In an editorial in June, 2015 Pelviperineology was described as the “home journal” of women’s pelvic floor specialists who supported the non-mainstream “integral theory system” of women’s pelvic repair, developed by Dr Reid’s Australian colleague, Dr Peter Petros.

The editorial openly criticised other medical journals “which place great store on the peer review system”, and said it published research “rejected by other pelvic floor journals”.

Dr Petros and Dr Reid have both held senior editorial positions on the journal. Both men are the subject of recent Health Care Complaints Commission investigations after serious complaints linked to pelvic mesh surgery.

Hunter New England Health Service is writing to Pelviperineology to request its name be removed from any published works, and to advise the journal it had not approved any such research.

It has also advised the NSW Health office of health and medical research. In its statement the health service said it routinely advised the National Health and Medical Research Council of unapproved research as part of its annual reporting schedule.

Cook Medical’s 2006 statement about the alleged Hunter New England Health Service research was released nearly two years before the first Cook high risk pig intestine Surgisis mesh for prolapse surgery was cleared for use by Australia’s drug and medical device regulator, the Therapeutic Goods Administration, in June, 2008.

A Cook Surgisis mesh for incontinence was cleared for use in Australia in April, 2005, but withdrawn by the manufacturer and cancelled by 2009. Cook also produces a range of mesh hernia repair devices.     

In an interview last week with the Herald Dr Reid said he “went to the (United) States a couple of times and helped them (Cook Medical) design the shapes” of transvaginal meshes (where meshes to treat women dealing with complications after childbirth are implanted via the vagina rather than the abdomen).

Asked if he had completed any research for Cook, Dr Reid replied: “No, I don’t think so.”

He said he made some presentations at international urogynaecological conferences citing 94 per cent success rates using Surgisis, and had “discussions” with Cook about his results, but said “I have no idea what they’re relying on” to refer to research by him at Hunter New England Health Service.

Dr Reid said he had not carried out any surgery, either public or private, in Newcastle.

I have no idea what they're relying on.

Dr Richard Reid about Cook Medical's media release

More than 600 American women have initiated legal action against Cook Medical for “pelvic repair system products”. Nearly 500 cases remained outstanding in court lists obtained by the Herald in February.

A Central Coast woman who launched legal action against Dr Reid in 2014, alleging serious complications after she was implanted with Surgisis mesh, reached a settlement with Dr Reid’s insurer in December. At least five other women have launched legal action against Dr Reid after alleging serious complications relating to pelvic mesh. 

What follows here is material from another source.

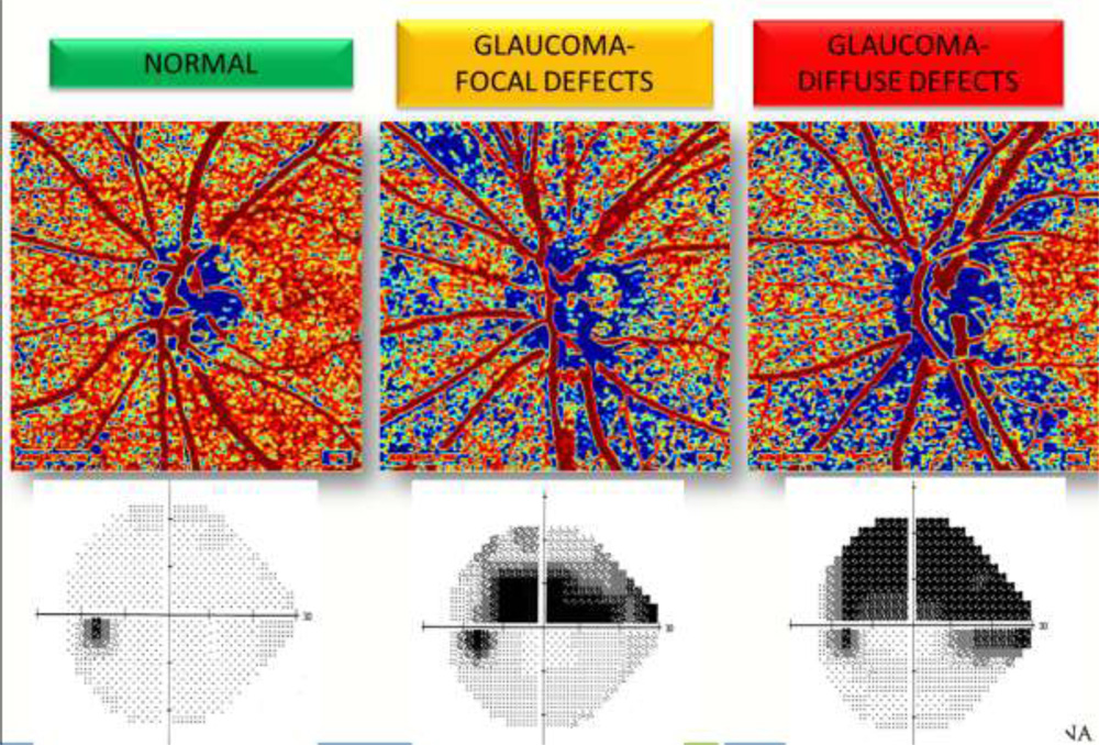 Figure 1:shows the OCTA image and visual fields in a normal eye, glaucomatous eye with focal defects and glaucomatous eye with diffuse defects.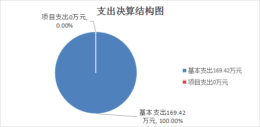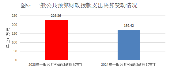 2024年度一般公共预算财政拨款支出169.42万元,占本年支出合计的100%。与2023年度相比一般公共预算财政拨款支出减少54.84万元,减幅24.45%。主要变动原因是单位厉行节约,单位人员退休2人,人员经费相应减少。

Dr Petros’s mesh delivery device based on the “integral theory”, which was developed and registered in America by a Tyco Healthcare subsidiary as the IVS Tunneller in 2001, became the first transvaginal mesh delivery system cleared in America to correct pelvic organ prolapse in women.

The IVS Tunneller became the “predicate case” relied on by some of the world’s biggest drug companies to have transvaginal mesh kits “cleared” for sale in America over the following decade to treat prolapse, without independent clinical evidence of safety.

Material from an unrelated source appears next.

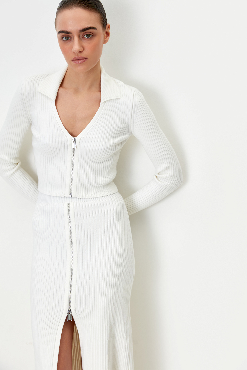 Cropped cardigan in viscose with added wool. Features stand-up collar and zip fastening.

This was despite the IVS Tunneller being developed for incontinenece, and not prolapse. The 2001 clearance has subsequently been heavily criticised.   

More than 100,000 American women have registered for legal action against transvaginal mesh manufacturers in America, and 750 women have registered for class actions in Australia against two American mesh manufacturers.

In February Victorian Senator Derryn Hinch successfully argued for a Senate inquiry into how transvaginal mesh was cleared for use in Australia, and the impacts on Australian women. He compared the transvaginal mesh scandal with the Thalidomide drug scandal in the 1960s.